Книга Ф. Купчинского «Доктор Катцель» подходит к вопросу именно с этой стороны. Заранее скажу: повесть, в смысле литературном, совершенно никуда не годна. Я был изумлен, узнав, что у г. Купчинского есть и другие книги, что вообще он считается литератором. Короче, «Доктор Катцель» написан почти не по-русски, с незнанием не только духа языка, но его форм, даже грамматики. С трудом улавливаешь смысл некоторых фраз. «Доктора не было далеко и его звали много». «Этого нового лица его ей было неловко». Что это значит? Сразу не поймешь. Ужасных цитат можно бы подобрать сколько угодно. Не в них дело.

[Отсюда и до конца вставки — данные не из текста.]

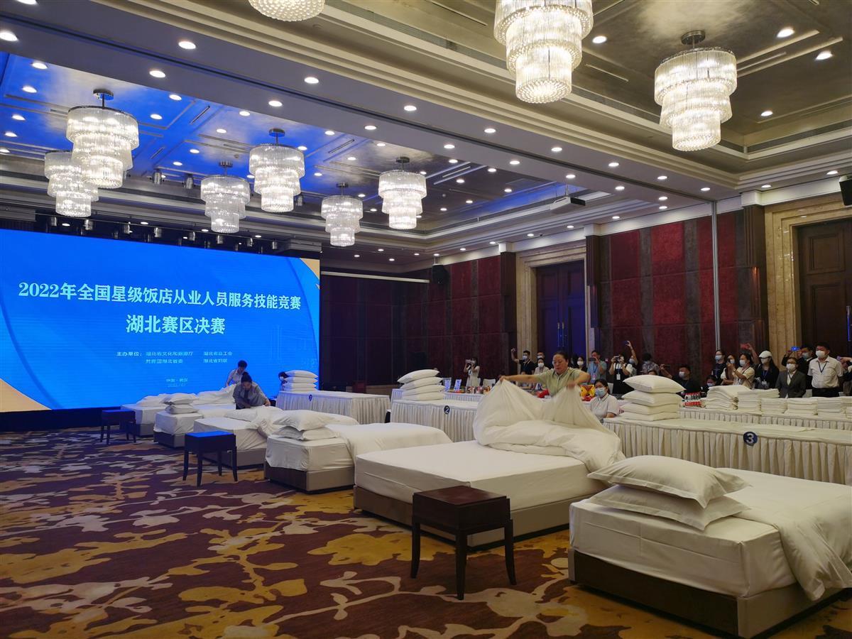 住星级酒店享受到的服务,总是格外熨帖入心。这份润物细无声的背后,其实是日复一日的苦练。日前,由湖北省文化和旅游厅、湖北省总工会、共青团湖北省委、湖北省妇联共同主办的2022年全国星级饭店从业人员服务技能湖北赛区决赛在武汉举行,全省15支代表队现场角逐,将酒店服务的“工匠精神”,展现得淋漓尽致。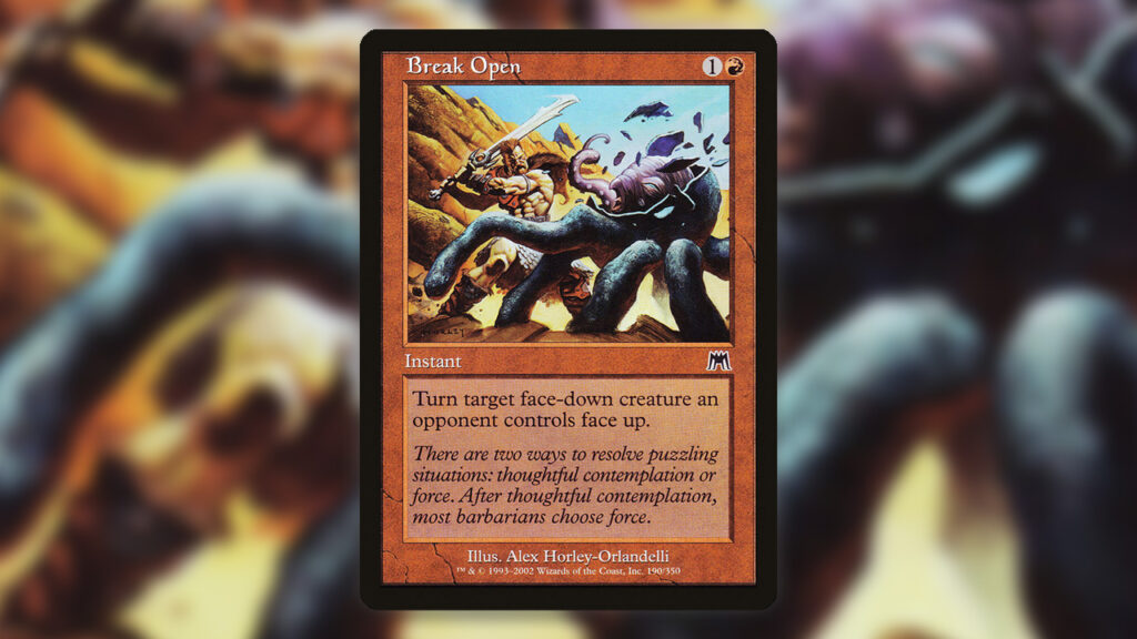 While it’s definitely exciting to see old mechanics revitalized and revamped for new Magic sets, there is sometimes a rush to incorporate anything old just because it’s somewhat relevant. There’s nothing wrong with experimenting with zany cards, but some of them simply do too little to ever be worth it. Break Open is a good example of such a card. It’s conditional to the extreme in terms of simply putting the card on the stack, but beyond that, you are giving an opponent a bonus a lot of the time. Sure there are some niche cases where you can use a face up effect from an opponent to further your ends, but it simply won’t happen enough to legitimize the inclusion.

Все-таки книга необыкновенно интересна. Она пытается взять «еврейский вопрос» психологически и даже физиологически. Катцель – молодой еврей, земский врач. Он влюбляется в дочь помещика, юную русскую девушку, болезненную и чуткую. Внешняя трагедия этого романа довольно нелепа, но интересна по глубине трагедия внутренняя. Девушка любит доктора, ценит его, понимает; его одного чувствует близким мысленно и духовно; но что-то странное происходит между ними, едва эта духовная близость хочет перелиться в первую, робкую, но все же телесную ласку: «На лице своем она (Милочка) услышала его дыханье, которого никогда не знала, и новый, странный запах его лица… Она особенно ясно увидела его губы… Ей показалось, что она никогда не видала его рта, – таким он тоже был для нее новым и странным…» До сих пор «она видела его издали и издали знала какое-то другое лицо. Об этом новом лице надо было еще думать и думать…» Неприятная дрожь пробегала по ее телу, «она еще не знала этого трепета, этого испуга, который надо было скрыть, потому что она сама не понимала его». Опускаю длинные, неловкие описания все того же. Девушка так и не поняла, в чем дело, но доктор отлично понял. Он всегда чувствовал себя евреем, то есть понимал, что существует какая-то глубокая черта, разделяющая его и людей, живущих около него, в стране, им и ему одинаково родной; не то, что он «хуже» или «лучше» их; нет, он просто иной, в чем-то им чужой, как они ему чужие.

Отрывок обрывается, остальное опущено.